Maybe of interest tonight @OpiniumResearch have interesting crossbreaks by car ownership in their VI polls.
Car Owning Profs Con 39, Lab 28, DK 15
Non car owning Profs Con 22, Lab 41, DK18
Car owning WC Con 30, Lab 28, DK 22
Non car owning WC Con 29, Lab 41, DK, 14
— Paula Surridge (@p_surridge) March 11, 2021
This makes it very hard for conservative parties to win mayoral elections, because modern conservatism has an ideological bias towards low-density living. We saw this recently when sections of the Right-wing press got furious because Kensington and Chelsea borough built a bike lane (and then got rid of it seven weeks later).
It is completely impractical to design a city of eight million people around car drivers; traffic in a city that size has huge external costs, so cycling, walking and public transport have to be encouraged. Urban conservatism has to be tailored towards a different sort of electorate. So how do they win?
Ibn Khaldun saw luxury as a vice because it made inhabitants decadent and therefore vulnerable to the rampages of barbarians and nomads, which was all part of what he saw as the asabiyyah cycle. Today hungry desert tribes are not a major policy concern to urban voters but violence and disorder are, and this is one policy area where conservative politicians have an advantage with urban voters.
In the US, where most major cities are Democrat one-party states, the most famous Republican victory came in New York where Rudi Giuliani managed to overthrow three decades of Democratic Party rule because New Yorkers were sick of crime. Sadiq Khan has a poor record on the issue, although it is part of a nationwide rise under a Conservative government, and it is nowhere near the dystopian Joker-era New York. But it’s true to say that we needlessly tolerate levels of everyday incivility in the capital.
The bigger issue is housing. In the US, every $10,000 increase in median home value in a county results in the Republican vote falling by 0.3 per cent. Expensive housing makes cities more Left-wing; in the shires, the Tory Party is constrained by its NIMBY paymasters, but in London they could become the party of cheaper housing by increasing the supply.

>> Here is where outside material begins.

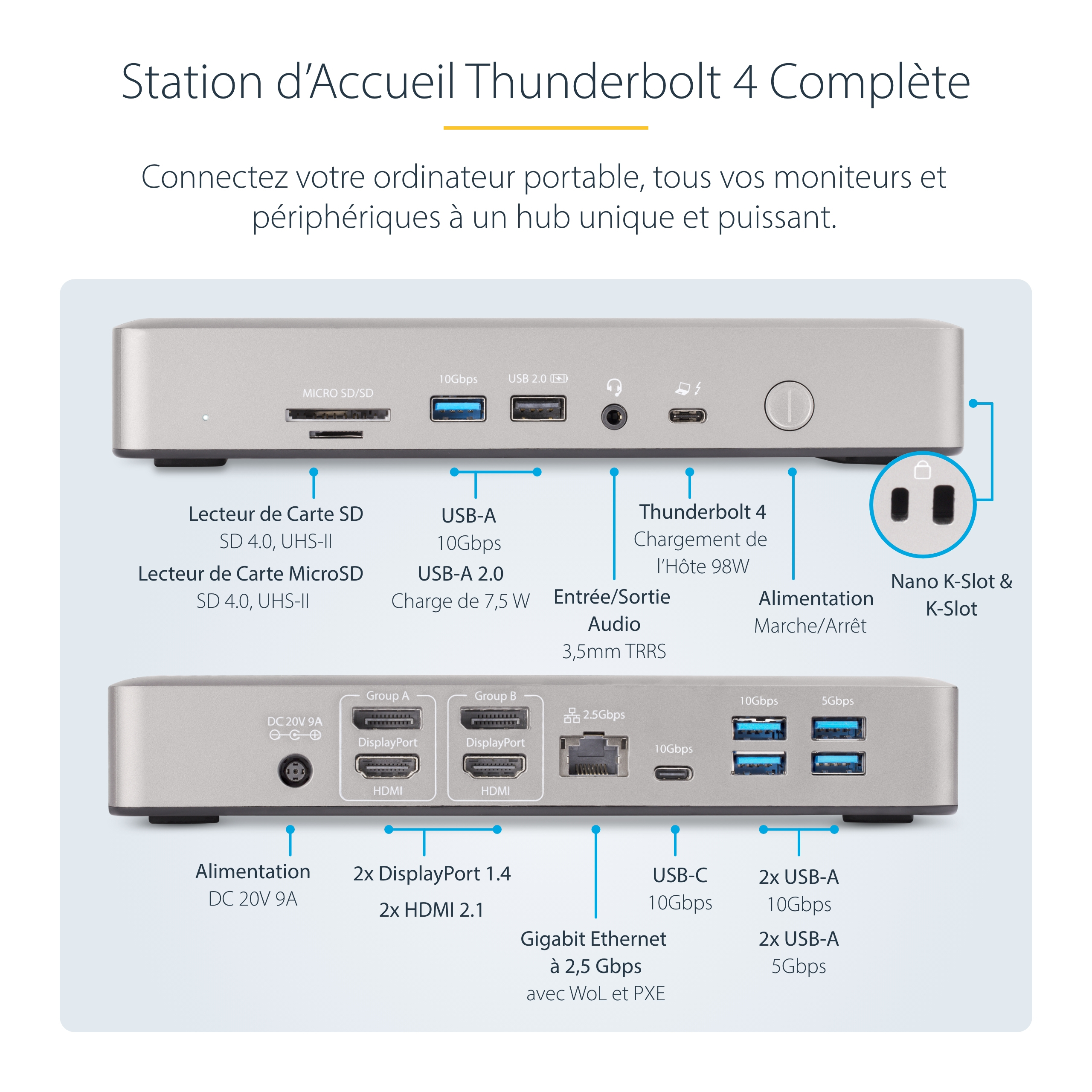 StarTech.com Station d'Accueil Universelle USB4 et Thunderbolt 4, Quatre Écrans sous Windows, Deux Écrans sur MacBook, Station d'Accueil HDMI DP avec Chargeur pour PC Portable 100W, Avec fil, Thunderbolt 4, 98 W, 3,5 mm, 10,100,1000,2500 Mbit/s, 2.5GBASE-

And what links cheaper housing with low street crime is that both encourage people to start families, which is the single most crucial life event that makes people move from Left to Right. With London’s house prices now expected to rise even further — in part driven by the Government’s Hong Kong immigration policy — we are well on our way to becoming San Francisco, a city of absurd housing costs matched by widespread public incivility, a one-party state with more dogs than children.